Personal information
- Full name: Isaías Santos Ribeiro Filho
- Nickname: Samurai
- National team: Brazil
- Born: 17 March 2002 (age 24) Salvador, Bahia, Brazil

Sport
- Country: Brazil
- Sport: Boxing

Medal record
Men's amateur boxing
Representing Brazil
World Championships
| Silver medal – second place | 2025 Liverpool | 90 kg |

= Isaías Ribeiro =

Brazilian boxer (born 2002)

Isaías Santos Ribeiro Filho (born 17 March 2002) is a Brazilian boxer. His nickname is "Samurai".

== Career ==
At the 2021 AIBA Youth World Boxing Championships, he even won a medal for Brazil by defeating Ukrainian Illia Tohobytskyi in the quarterfinals. He won by a 3-2 decision and qualified for the semifinals. But the European country appealed the result, and it was upheld by the International Amateur Boxing Association (Aiba), which eliminated the Brazilian.
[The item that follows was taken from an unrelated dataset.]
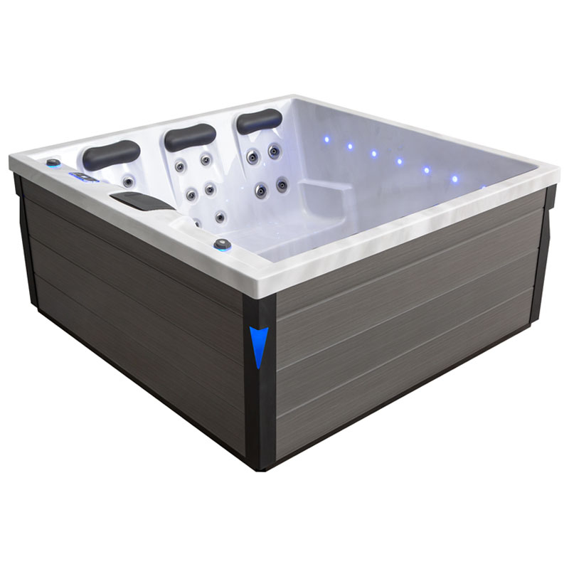 AWT Whirlpool IN-407 ECO Sterling Silver 200 x 200 x 90 cm Farbe grau inkl. Thermoabdeckung, Treppe und mit 38 Hydrojets ausgestattet. Ideal für bis zu 5 Personen geeignet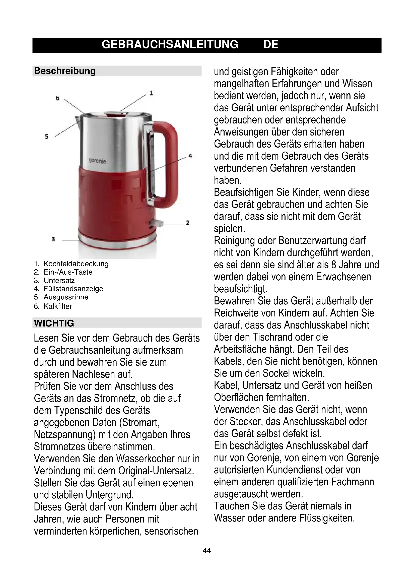 WICHTIG Lesen Sie vor dem Gebrauch des Geräts die Gebrauchsanleitung aufmerksam durch und bewahren Sie sie zum späteren Nachlesen auf. Prüfen Sie vor dem Anschluss des Geräts an das Stromnetz, ob die auf dem Typenschild des Geräts angegebenen Daten (Stromart, Netzspannung) mit den Angaben Ihres Stromnetzes übereinstimmen. Verwenden Sie den Wasserkocher nur in Verbindung mit dem Original-Untersatz. Stellen Sie das Gerät auf einen ebenen und stabilen Untergrund. Dieses Gerät darf von Kindern über acht Jahren, wie auch Personen mit verminderten körperlichen, sensorischen und geistigen Fähigkeiten oder mangelhaften Erfahrungen und Wissen bedient werden, jedoch nur, wenn sie das Gerät unter entsprechender Aufsicht gebrauchen oder entsprechende Anweisungen über den sicheren Gebrauch des Geräts erhalten haben und die mit dem Gebrauch des Geräts verbundenen Gefahren verstanden haben. Beaufsichtigen Sie Kinder, wenn diese das Gerät gebrauchen und achten Sie darauf, dass sie nicht mit dem Gerät spielen. Reinigung oder Benutzerwartung darf nicht von Kindern durchgeführt werden, es sei denn sie sind älter als 8 Jahre und werden dabei von einem Erwachsenen beaufsichtigt. Bewahren Sie das Gerät außerhalb der Reichweite von Kindern auf. Achten Sie darauf, dass das Anschlusskabel nicht über den Tischrand oder die Arbeitsfläche hängt. Den Teil des Kabels, den Sie nicht benötigen, können Sie um den Sockel wickeln. Kabel, Untersatz und Gerät von heißen Oberflächen fernhalten. Verwenden Sie das Gerät nicht, wenn der Stecker, das Anschlusskabel oder das Gerät selbst defekt ist. Ein beschädigtes Anschlusskabel darf nur von Gorenje, von einem von Gorenje autorisierten Kundendienst oder von einem anderen qualifizierten Fachmann ausgetauscht werden. Tauchen Sie das Gerät niemals in Wasser oder andere Flüssigkeiten.45 Verwenden Sie den Wasserkocher nur zum Aufkochen von Wasser. Den Wasserkocher darf nicht zum Aufwärmen von Suppen oder anderen Flüssigkeiten und eingelegten Lebensmitteln verwendet werden. Heißes Wasser kann Verbrühungen verursachen. Seien Sie vorsichtig, wenn sich heißes Wasser im Gerät befindet. Achten Sie darauf, dass das Gerät nur bis zur Markierung „Max.“ mit Wasser gefüllt wird. Falls in den Wasserkocher zu viel Wasser eingefüllt wird, kann das kochende Wasser aus dem Wasserkocher spritzen und Verbrühungen verursachen. Den Deckel nicht öffnen, wenn das Wasser siedet! Seien Sie beim Öffnen des Deckels unmittelbar nach dem Aufkochen des Wassers vorsichtig; der Dampf im Behälter ist sehr heiß. Das Gehäuse des Geräts nicht berühren, da es während des Betriebs sehr heiß wird. Heben Sie den Wasserkocher vom Untersatz, indem Sie ihn am Handgriff halten. Das Wasser muss den Boden des Behälters bedecken, sonst kann es verdunsten und den Wasserkocher austrocknen. Am Deckel des Geräts und am Untersatz kann sich Kondenswasser ansammeln. Das ist völlig normal und stellt keinen Fehler dar. Wenn Sie das Gerät benutzen, können je nach Härtegrad des Wassers auf dem Heizelement des Geräts Flecken erscheinen. Dies wird durch Kalkablagerungen verursacht, die sich mit der Zeit auf dem Heizelement und im Inneren des Geräts ablagern. Je härter das Wasser ist, umso schneller lagert sich Kalkstein am Heizelement ab. Kalkstein kann verschiedene Farben haben. Obwohl diese Kalkablagerungen nicht schädlich sind, kann eine zu große Menge davon den Betrieb des Geräts beeinträchtigen. Deswegen sollten Sie die Kalkablagerungen regelmäßig entfernen (siehe Kapitel „Entkalken“). Dieses Gerät ist gemäß der EU-Richtlinie 2012/19/EU über elektrische und elektronische Altgeräte (Waste Electrical and Electronic Equipment - WEEE) gekennzeichnet. Diese Richtlinie legt die Anforderungen für das Sammeln und den Umgang mit Elektro- und Elektronikaltgeräten fest, die für die gesamte Europäische Union gültig sind. Elektromagnetische Felder (EMF) Dieses Gerät von Gorenje entspricht allen Normen, die sich auf die Normen der elektromagnetischen Felder (EMF) beziehen. Wenn Sie mit dem Gerat ordnungsgemäß und entsprechend den Anweisungen in diesem Handbuch verfahren, ist dessen Verwendung hinsichtlich der heute gültigen wissenschaftlichen Nachweise ungefährlich. Automatische Sicherheitsabschaltung Das Gerät ist mit einer Sicherheitsabschaltung ausgerüstet, die den Betrieb des leeren Geräts unmöglich macht. Die Sicherheitsabschaltung schaltet das Gerät aus, wenn im Wasserkocher zu wenig oder überhaupt kein Wasser ist. Der Ein- /Aus-Schalter bleibt auf der Position EIN, das Indikatorlämpchen erlischt. Stellen Sie den Ein- /Aus-Schalter auf AUS und warten Sie zehn Minuten, damit sich das Gerät abkühlt. Heben Sie dann den Wasserkocher vom Untersatz, damit der Trockenlaufschutz resetiert wird. Der Wasserkocher ist nun betriebsbereit. Vor dem ersten Gebrauch

At the adult 2021 AIBA World Boxing Championships, held in Belgrade, Serbia, in October 2021, he fell in the opening round of the competition.

In 2024, he was already a four-time Brazilian boxing champion in the 92 kg category.

At the 2025 World Boxing Championships, he won three fights, reaching the semi-finals and securing a medal. He also defeated Olympic medalist Loren Alfonso in the semifinals, and finished the competition with the silver medal.